FORM AND CONTENT (Max. 200 words in total): 1. To which part of the work
does this paragraph belong? 2. Identify and describe briefly the characters
found and implied in the fragment; 3. Who is talking? Identify and explain its
function (1,75 marks).
It belongs to chapter 23 of Kate Chopin´s novel The Awakening. We can identify
three characters of the novel apart from the narrator: Doctor Mandelet, who is a
family doctor, friend of the Pontelliers and the Ratignolles. He is an old, wise
doctor who understands Edna´s needs and desires very well due to his
professional long experience. Despite the fact he understands her, he just
wants to live in calm aside other else´s lives. Arobin is a flirting young man
known for his relationship with married women who becomes Edna´s lover. The
Pontelliers refers to Leonce, Edna´s husband, a conventional businessman who
expects his wife to stick to social conventional rules, and Edna, a dissatisfied
housewife and mother, the main character, who starts to realize the real woman
she is becoming. Who is talking is the narrator who describes the story in third
person except when in direct speech with commas speaks the doctor, a wise
semi-retired physician always consulted by everyone in town who regrets
having accepted the invitation as he refuses to keep more secrets, he is not
involved in like knowing Edna is having an extra-marital affair which is
inappropriate for an upper-class woman in this society.

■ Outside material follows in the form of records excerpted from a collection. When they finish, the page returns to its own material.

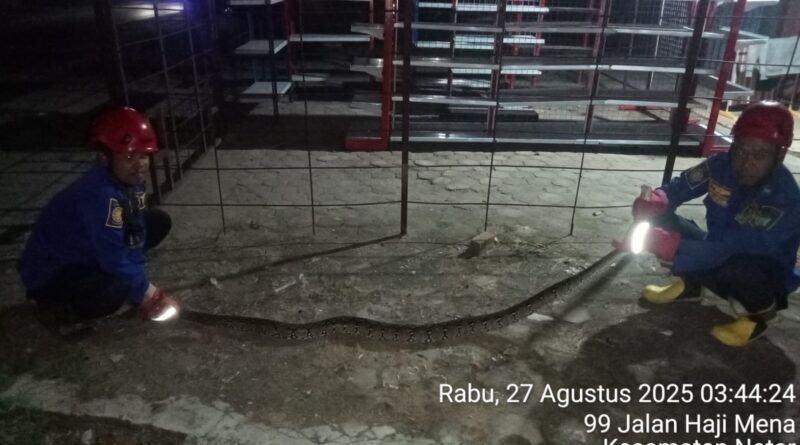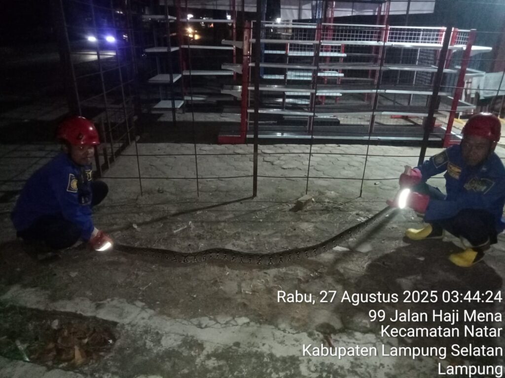 Anggota Dinas Pemadam Kebakaran dan Penyelamatan Kabupaten Lampung Selatan posko Natar telah melaksanakan evakuasi Ular Sanca di Desa Natar Kecamatan Natar Kabupaten Lampung Selatan pada Rabu (27-8-2025).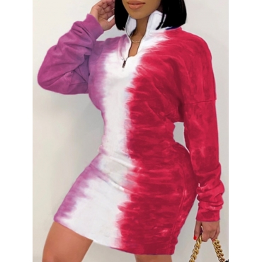 Lovely Stylish Turndown Collar Tie-dye Zipper Design Rose Red Knee Length Dress
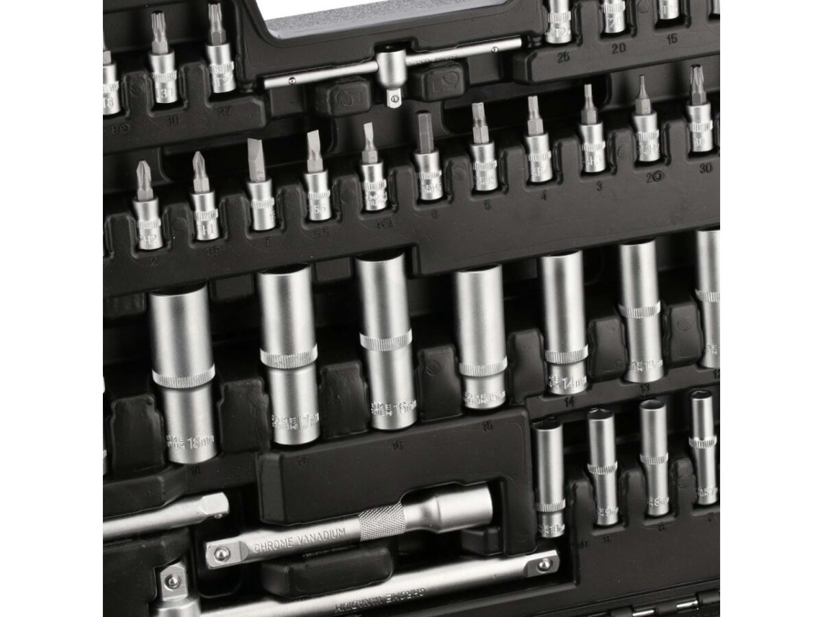 Zestaw kluczy nasadowych oraz nasadek ze stali chromowo-wanadowej – 171 elementów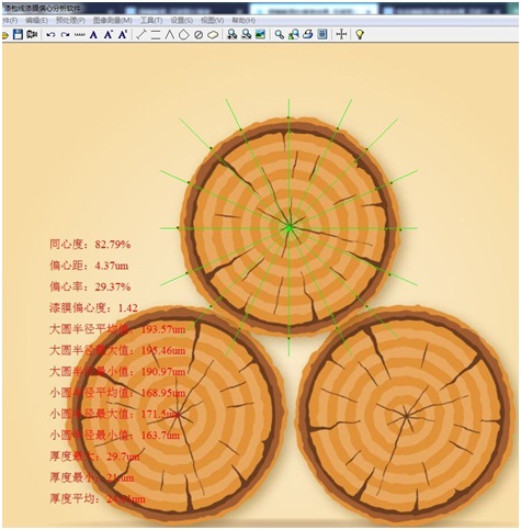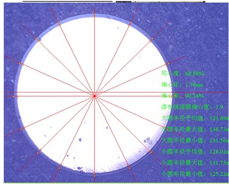 根據試樣的形貌,尺寸等等選擇對應的顯微鏡物鏡進(jìn)行成像,使用漆包線(xiàn)漆膜偏心度分析軟件測量其偏心度數據并進(jìn)行檢測報告輸出;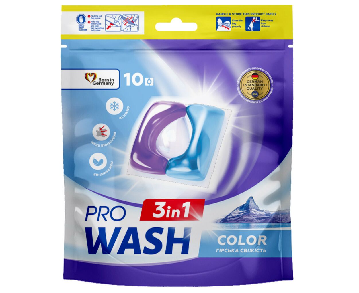 Опис Капсули для прання Pro Wash Color Гірська свіжість 10 шт. (4823128002277)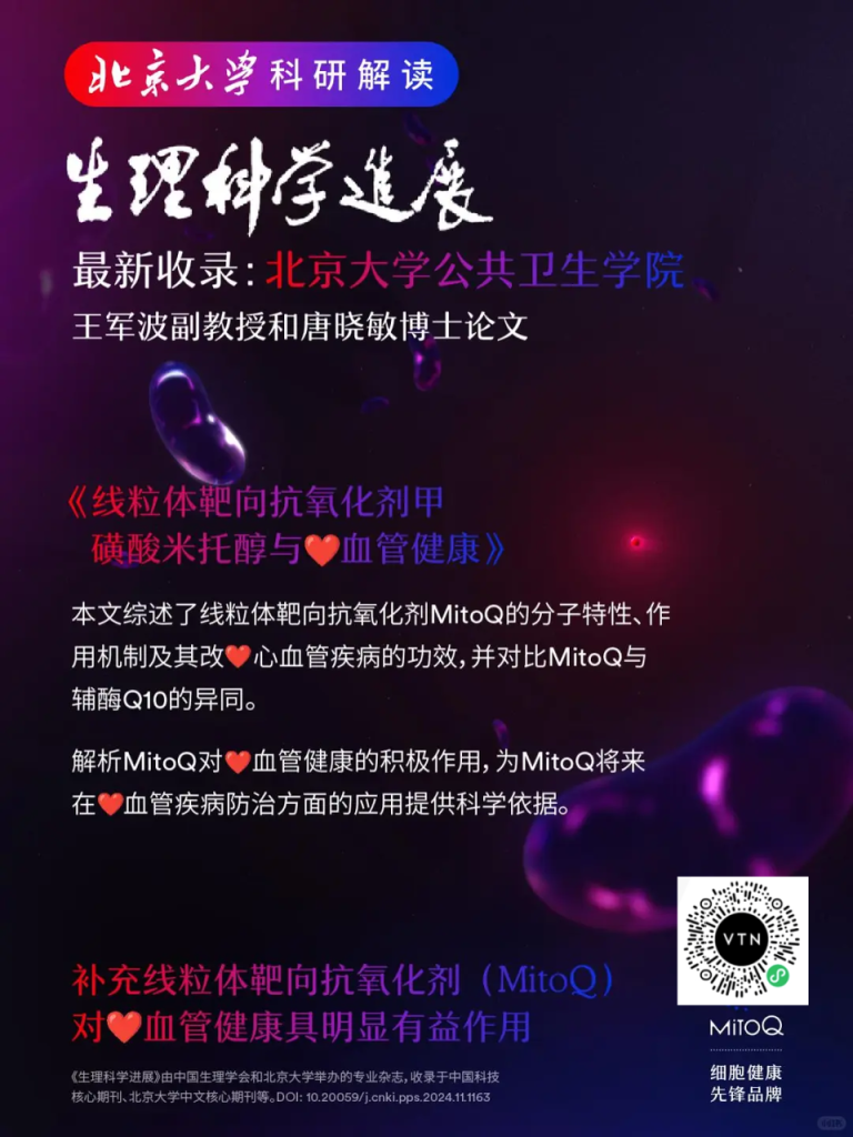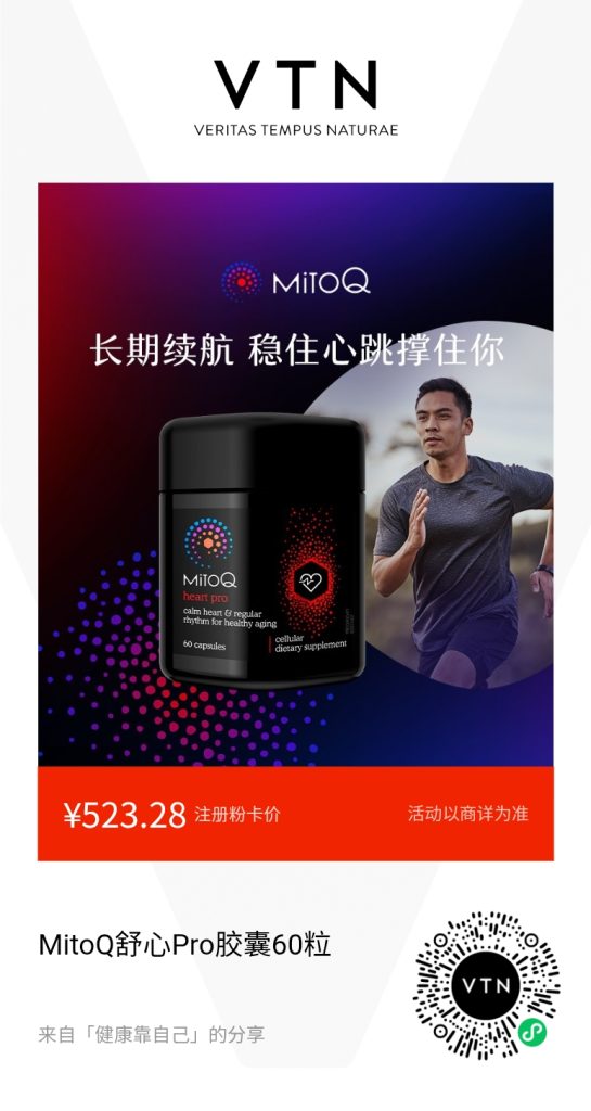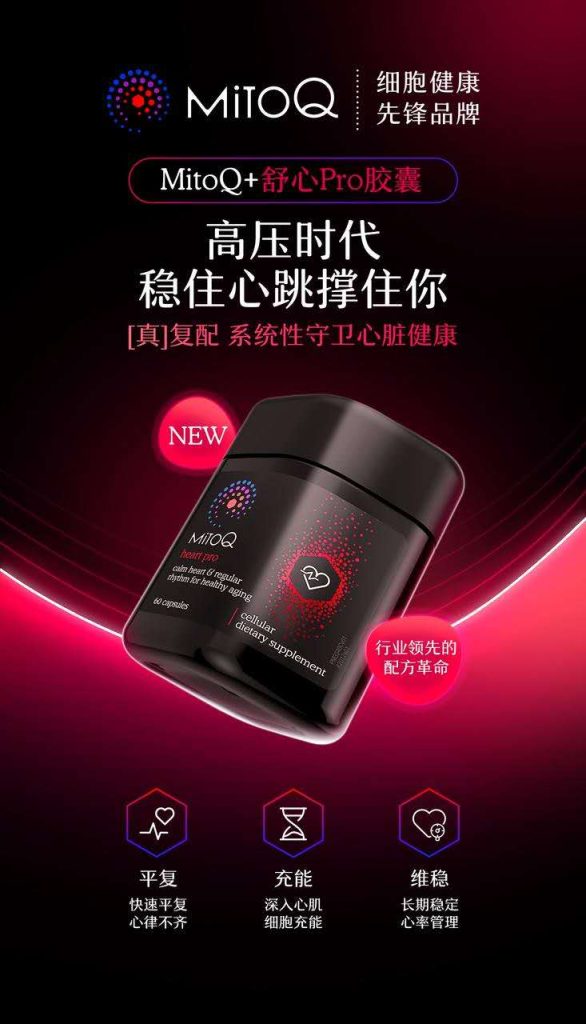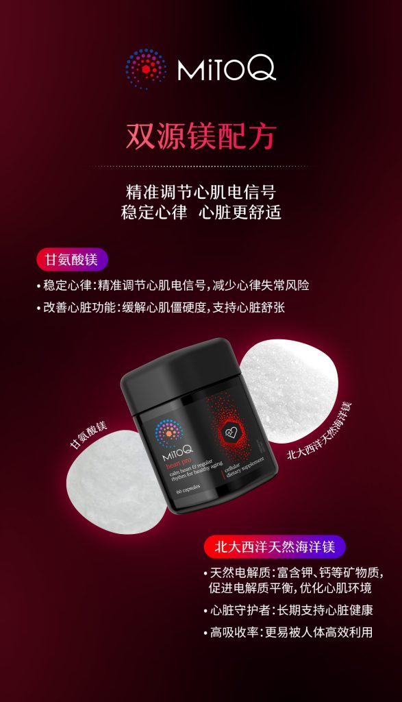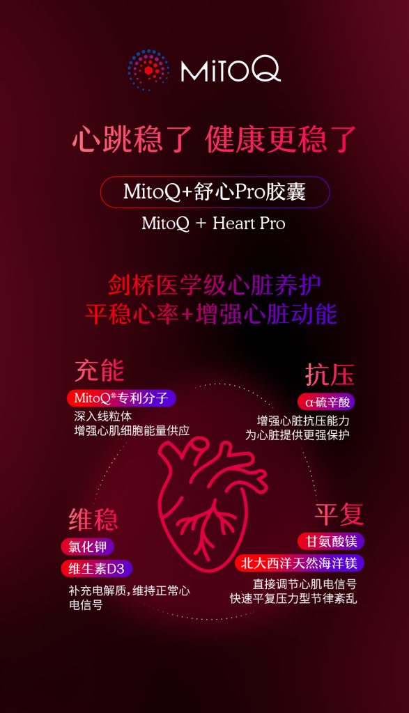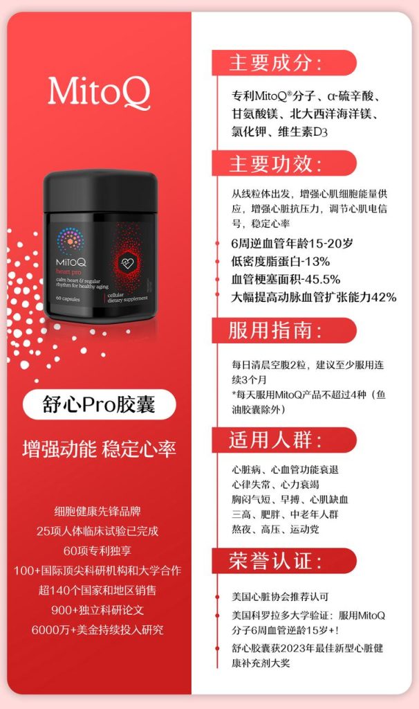 舒心pro胶囊 MitoQ+舒心Pro现代都市人群常因高压工作、情绪波动,出现心悸、早搏、胸闷等“压力型心律不齐”问题。舒心Pro依托MitoQ®专利抗衰分子,靶向深入线粒体为心肌细胞充能,大幅提高动脉血管扩张能力42%,下调低密度脂蛋白13%; 同时舒心Pro把此前单一镁替换为优质双源镁:添加甘氨酸镁和天然海洋镁,新增高纯α-硫辛酸、氯化钾及维生素D3,复配后打通从线粒体到心脏以及血管的三维链路,达到为线粒体供能、维持心脏健康节律、促进血管通畅的三效合一。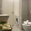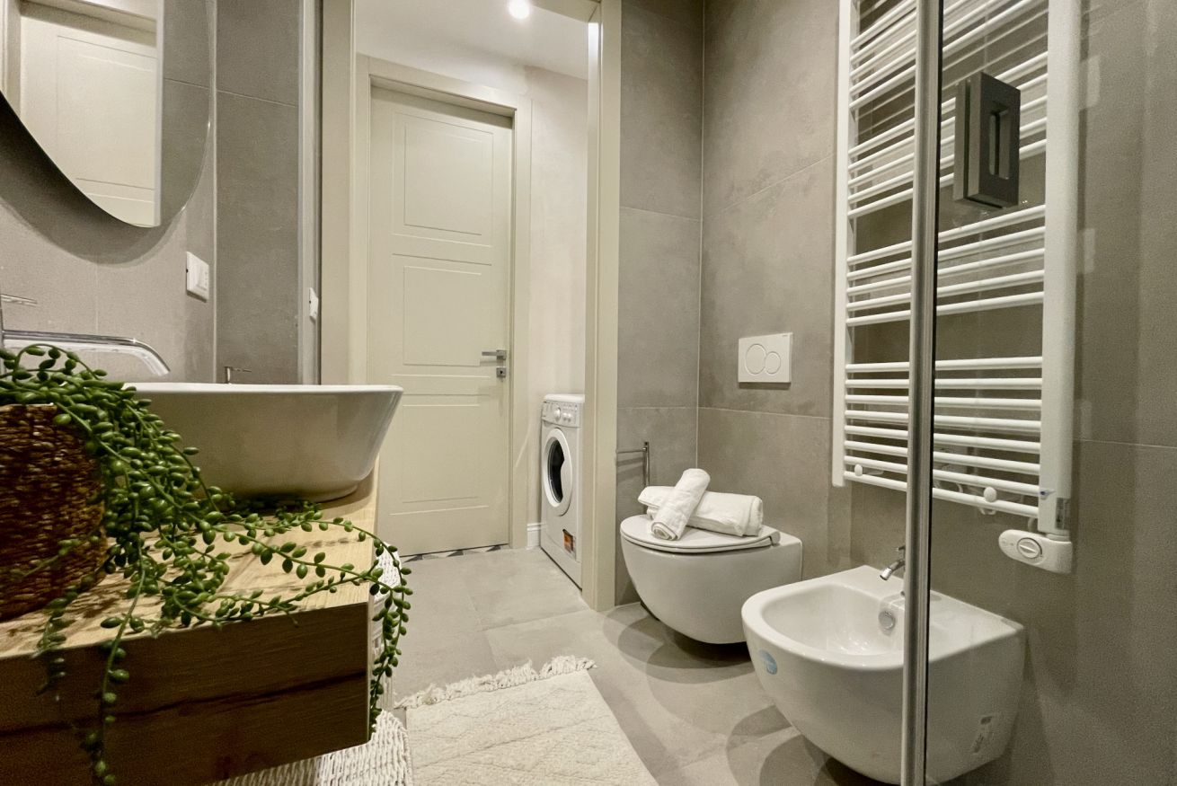Bagno completo con box doccia, sanitari, lavatrice, asciugacapelli e dotazione di bagno doccia.

THEORY AND CRITICISM (Max. 200 words): What is the implication of the
“inner life” the fragment is referring to within the whole work? Explain it using a
feminist literary criticism lens (2,5 marks).
One of the most important revolutions of the times the novel was written (end of
19 century) was the gender roles in society by the first wave feminist movement
and the concept of the New Woman. Apart from the suffrage movement, it was
shown up a radical feminist in favor of a sexual liberation and professional
equality like men. It´s clearly seen through the novel this revolution by the
complex and changing emotions of Edna described in relation to her role of
Creole offspring of wife and mother and her desire to be an independent woman
who intends to break society´s rules by the influence of new feminist ideas. The
entire novel describes this intricate journey exploring her sensual and sexual
identity against the social approval especially of her husband. Edna Pontellier
represents the phenomenon of the liberated woman with ambitions and
autonomy. As Gilbert and Gubar say “while moralists, educators, and
physicians continued to explain to women why they should lead decorous,
selfless private lives as wives and mothers, a number of artists responded
angrily and triumphantly to the fact that many women no longer did so”
(1985:956). That was exactly what Kate Chopin showed in The Awakening.